Wonderments about expansion in the current market

Wonderments about expansion in the current market

By historical standards, data from the Livestock Marketing Information Center (LMIC) suggests 2015 will be a banner year for cow-calf producers in terms of economics. That’s even considering the recent hard break in cash and futures prices, with the fall run of calves barely begun, says Glynn Tonsor, agricultural economist at Kansas State University (KSU).

Tonsor shared LMIC data at last week’s KSU Beef Stocker Field Day. Before the recent price break, that data suggested net cash returns, not counting labor costs, of $450 per cow. Adjusting for the last couple of weeks, and minus any other major market corrections, Tonsor said you could shave $100-$150 from the expectation. At $300 per head, for example, net returns would still be about twice the level of historical highs.

My personal abacus is missing too many beads to dispute that. Though running below prices of a year ago, calf and feeder prices still remain historically high, feed costs remain lower than when corn production seemed akin to printing money, and until recently, domestic beef demand was stronger than many anticipated.

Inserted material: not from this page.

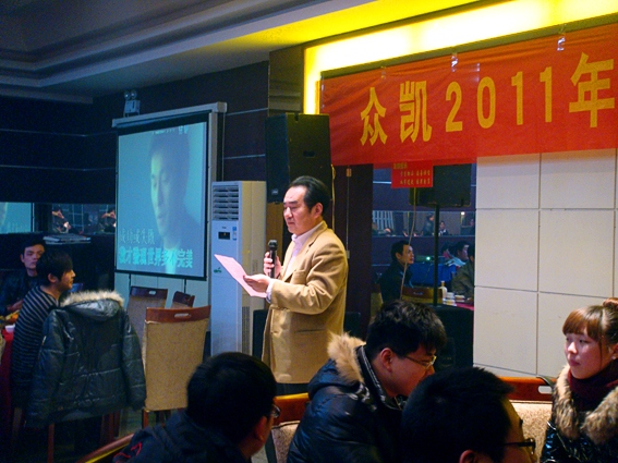 晚會伊始,眾凱公司董事長卓衛(wèi)民發(fā)表了熱情洋溢的新年致辭?偨Y(jié)了眾凱公司2010年取得的成績:闖關(guān)東,進(jìn)西南,馳騁中原,享譽(yù)上海灘,各條戰(zhàn)線捷報(bào)頻傳,職工收入持續(xù)增長,公司和社會效益顯著增加;展望了2011年的發(fā)展規(guī)劃,東西聯(lián)動,整合資源,立足煙草,拓展新領(lǐng)域,締造新奇跡!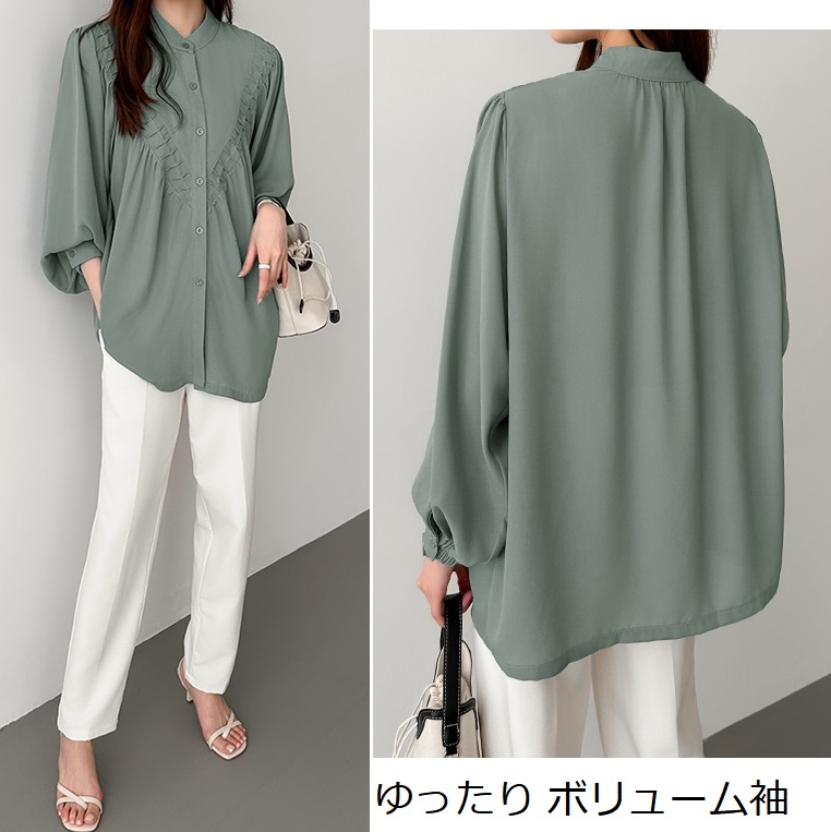 ぽわん袖が可愛い シフォンブラウス トップス レディース 長袖 バンドカラー シャツ シャツブラウス シフォン オーバーサイズ ボリューム袖 ロング バンドカラーシャツ 体型カバー オフィス オフィスカジュアル 大人 きれいめ 春 夏 秋

On the other hand, there are already reports of bred heifers and older bred cows heading to auction, as prices continue to erode for calves, feeders, fed cattle and wholesale beef. By all reports, a slug of heifers were retained, developed and bred to market this fall. So far, prices for these replacements follow expectations at reputation sales. Prospects for the run-of-the-herd variety, however, appear a little more dicey.

The much-discussed backlog of heavyweight fed cattle—credited with so much of the current economic pressure—will finally make their way through the packinghouse. That appears to be a ways off, though.

“Packers are buying fed cattle, at heavily reduced prices compared to just a few weeks ago, but are also scheduling those cattle for delivery three to four weeks out (according to industry reports),” say LMIC analysts.

Reports from some feedlots corroborate that notion, suggesting the longest-fed, most overdone cattle are the packer-owned ones.

Choice boxed beef prices were $252.29 per cwt July 1. They dropped to a low of about $233 the first part of August and opened September at $241.21. They were $209.31 Sept. 29. Select followed a similar trajectory—$249.26 July 1 and $207.69 at the end of September.

By all accounts, even with the free fall in wholesale prices, packer margins are in the black. Short term, there seems little incentive for them to accelerate production. And that’s with 50% lean trim prices 65% less than a year ago and hide and offal values down 27% year to year.

Longer term, you get to wondering if enough packing capacity has been shuttered the last few years that it now aligns more closely with the current, smaller inventory.

It’s the feedlots that are drowning in red ink, at least on a cash-to-cash basis.

Based on a 12-month rolling average of projected net returns for Kansas feedlots, Tonsor projects steers marketed in February to lose $211 per head (cash to cash). With the same measuring stick, the previous worst was $193 per head loss in July of 2013.

Heading into the fourth quarter, LMIC forecasts cash prices for steers weighing 700-800 pounds at $193-$201 per cwt, according to Tonsor. Prices for steer calves weighing 500-600 pounds were forecast at $239-$249. With last week’s price break, Tonsor suggested peeling off $10-$15 per cwt.

For perspective, steers weighing 700-800 pounds averaged $197.64 per cwt. in the North Central region last week, according to the Agricultural Marketing Service (AMS); $190.38 in the South Central. Steers weighing 500-600 pounds averaged $208.99 in the South Central region and $193.91 in the Southeast.

The biologic cow cycle is too long for knee-jerk reactions to a market that could gain a bounce as the fall progresses—wheat pasture prospects are reported to be positive.

Understandably, some producers who can, are delaying marketing. Some of those are pushing the pencil to gauge the risk and potential reward of backgrounding through the current marketing season.

Overall, though, you could be forgiven for wondering if sheer economics are going to cap current herd expansion sooner rather than later.